Prediction of Cancer Class with Majority Voting Genetic Programming Classifier Using Gene Expression Data
Issue No. 02 - April-June (2009 vol. 6)
Topon Kumar Paul , Toshiba Corporation, Kanagawa
Hitoshi Iba , The University of Tokyo, Japan
In order to get a better understanding of different types of cancers and to find the possible biomarkers for diseases, recently, many researchers are analyzing the gene expression data using various machine learning techniques.
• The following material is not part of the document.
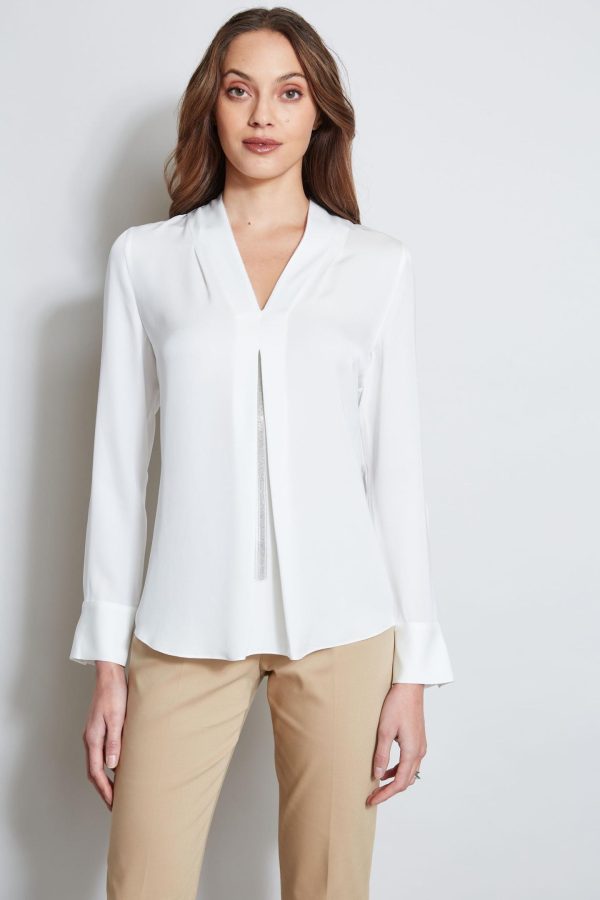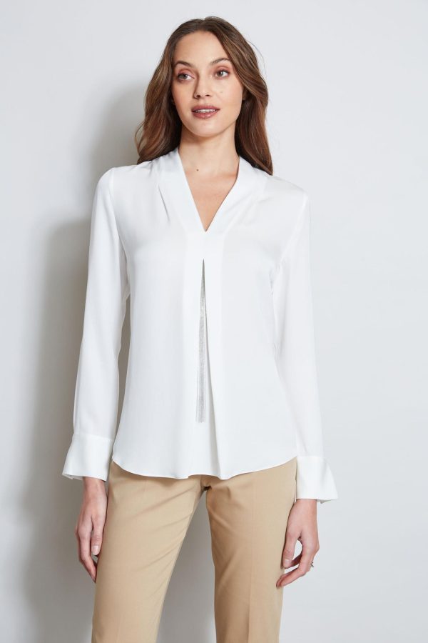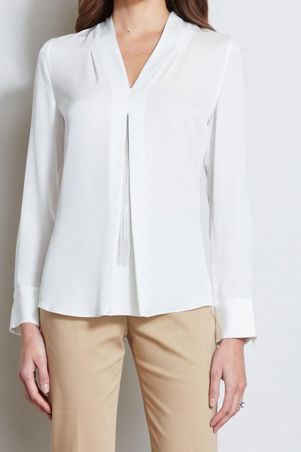 - Long Sleeve Silk Georgette V-Neck Shirt with Chain Fringe Detail

However, due to a very small number of training samples compared to the huge number of genes and class imbalance, most of these methods suffer from overfitting. In this paper, we present a majority voting genetic programming classifier (MVGPC) for the classification of microarray data. Instead of a single rule or a single set of rules, we evolve multiple rules with genetic programming (GP) and then apply those rules to test samples to determine their labels with majority voting technique. By performing experiments on four different public cancer data sets, including multiclass data sets, we have found that the test accuracies of MVGPC are better than those of other methods, including AdaBoost with GP. Moreover, some of the more frequently occurring genes in the classification rules are known to be associated with the types of cancers being studied in this paper.
Classifier design and evaluation, data mining, feature extraction, evolutionary computing and genetic algorithm, gene expression, majority voting.
H. Iba and T. K. Paul, "Prediction of Cancer Class with Majority Voting Genetic Programming Classifier Using Gene Expression Data," in IEEE/ACM Transactions on Computational Biology and Bioinformatics, vol. 6, no. , pp. 353-367, 2007.